I think the magazine exists any more to advertise MFA programs. A quick count shows 37 display ads for MFA programs, 59 display ads for workshops and conferences, and eleven display ads for contests, along with pages and pages of classified ads for contests at twenty or thirty bucks entry fee each. It’s an aspirational magazine, for those of us who want to.
I’ll admit, I’ve been tempted to enroll in an MFA program myself now that I’ve been writing fiction seriously for a few years. And every time I think to myself, what is that sixty thousand or eighty thousand dollars going to buy me?
Enrolling in an MFA program purchases three guaranteed things:
- Smart people to talk about books and stories with
- Deadlines
- About a dozen or so people, faculty and fellow students, who have to read your work carefully and think about what it’s accomplishing
That’s really it. The credential itself doesn’t accomplish much, especially in an academic job market where permanent hires in creative writing are scarce as four-leaf clover.

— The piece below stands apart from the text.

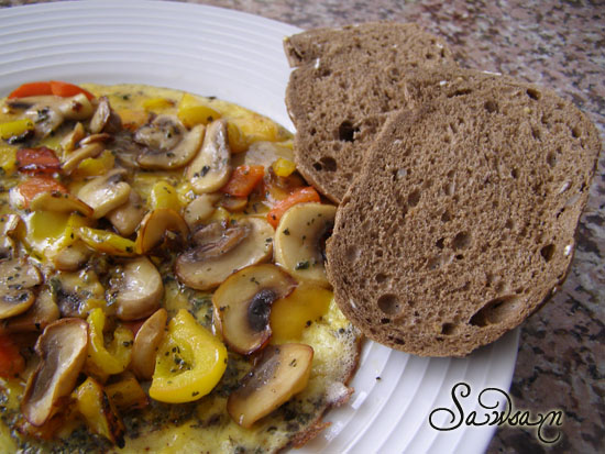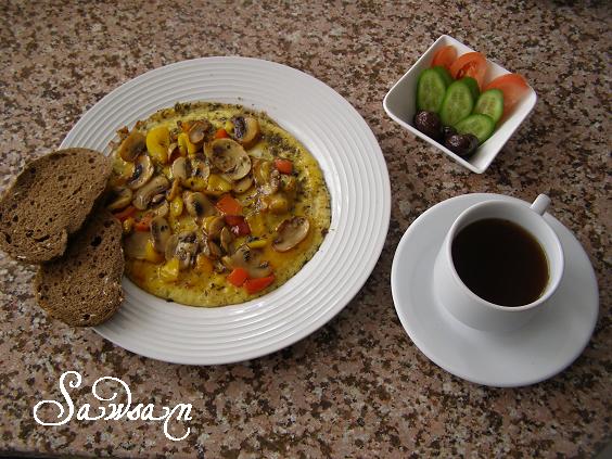 Add a couple of slices of bread, a cup of tea and some tomatoes cucumbers and olives and voalaaaa breakfast is served.

The networking varies, as networking always does, with the horsepower of the school. If you go to an MFA program with a bunch of faculty who all publish in “the little journals,” then those are the doors they might be able to help you open as well. If you go to the University of Michigan’s MFA, they have keys to bigger doors. (And they don’t advertise in Poets & Writers, because they don’t need to. They already get sixty applicants for every student spot.)
The thing is, writing is just hard. We have to create the entire structure all over again every time we sit down to work, have to make our own deadlines and pretend they matter. We have to read other writers and try to figure out what it is that they’re doing, for better and worse. Finding readers is maybe even harder. And there are days when the structure is so far beyond our grasp, and readers are so difficult to even contemplate, that sixty thousand dollars feels like a fair rate.

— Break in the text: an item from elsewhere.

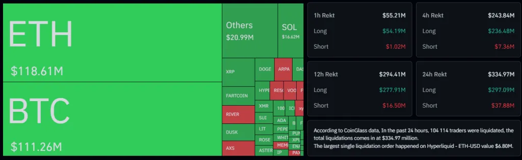 Суточное снижение котировок на 2% спровоцировало ликвидации на $335 млн.

I’ve done three writers’ conferences as well, one a great big name that cost $3,500, the other two more humble events that cost about $1,000 and $1,500. And they’re selling the same things: colleagues, structure, and readers.
We are a gullible lot, we writers, we aspiring artists. We have entered into work for which we are perpetually unprepared, and will remain forever. We want to believe that the work is knowable and achievable, and so we buy a knowable and achievable structure, even though it’s only a proxy for what we really want, only the box that the work can fit inside.
We’ll talk tomorrow about other ways of achieving the same three goals without spending quite so much money.